The King County Library System will not have to apply for a conditional use permit if it builds a new branch or expands its current one at Ober Park, the county’s Department of Development and Environmental Services (DDES) has stated.
The county agency had said the library system needed to apply for such a permit, which most developers — public or private — don’t like, as it makes the construction timeline longer and adds a degree of uncertainty to the process, said Steve Bottheim, supervisor of the current planning section in DDES’s Land Use Services Division.
But after Islander Martin Koenig wrote a letter to DDES challenging its decision to require such a permit, Bottheim said, DDES staff reviewed their decision and decided he was right.
“It was just a misreading of the code,” Bottheim said. “The code is a complex body of regulations. People looked at it and had an interpretation that’s not consistent with what we’ve been doing. We took it to our internal regulatory review body, … and they collectively agreed that the interpretation we made initially was incorrect.”
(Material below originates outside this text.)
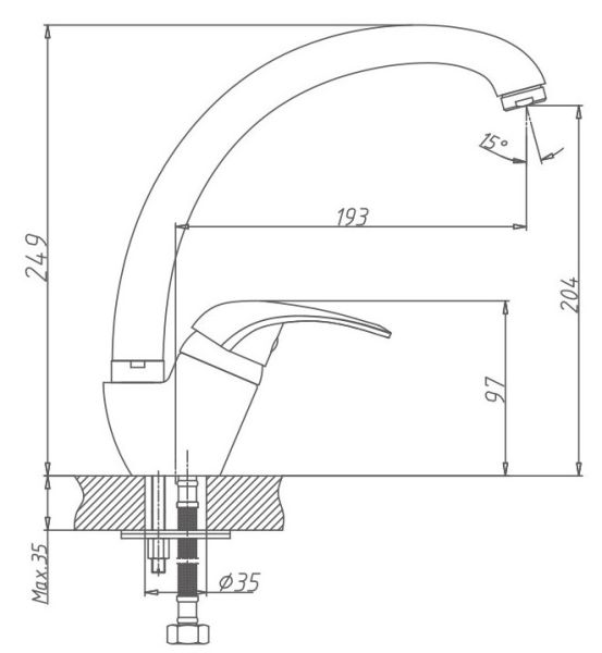 Смеситель для кухни бренда Haiba.Изготовлен из латуни.Картридж 40 мм.Укомплектован аэратором.Гибкая подводка 40 см.С поворотным изливом.

Koenig, who has played a key role in a citizens’ effort to keep the library within the town core, said he was pleased by DDES’s decision. The agency’s requirement that the library system obtain a conditional use permit to remain at its existing site “didn’t make sense to us,” Koenig said.
The library system is considering a move a mile down the road to a building at K2 Commons, the proposed redevelopment of the former ski manufacturing site. The DDES decision, Koenig said, is additional evidence that remaining at Ober Park is not a high-risk proposition, as library officials have sometimes suggested.
“This is not risky,” Koenig said. “K2 is your risky deal.”
Bill Ptacek, who heads the King County Library System, said it’s possible that the DDES decision will mean the library system’s initial cost estimates for building a new or expanded branch at Ober Park could be lowered.
“I think it does reduce it,” he said of the Ober Park costs.
According to the library system’s initial cost estimates, a new building at Ober Park was the most expensive option, while the costs of an expansion of the existing structure or its move to K2 were nearly equal.
Meanwhile, Ptacek said, he believes the five-member board that oversees the library system could make a decision about the future of the Vashon library branch at its May 26 meeting at the Des Moines library.
“I’m hoping the board has enough information to set some more specific direction,” Ptacek said.
“The board still needs to factor in all the things that they know right now and determine which way we should go with it,” he added.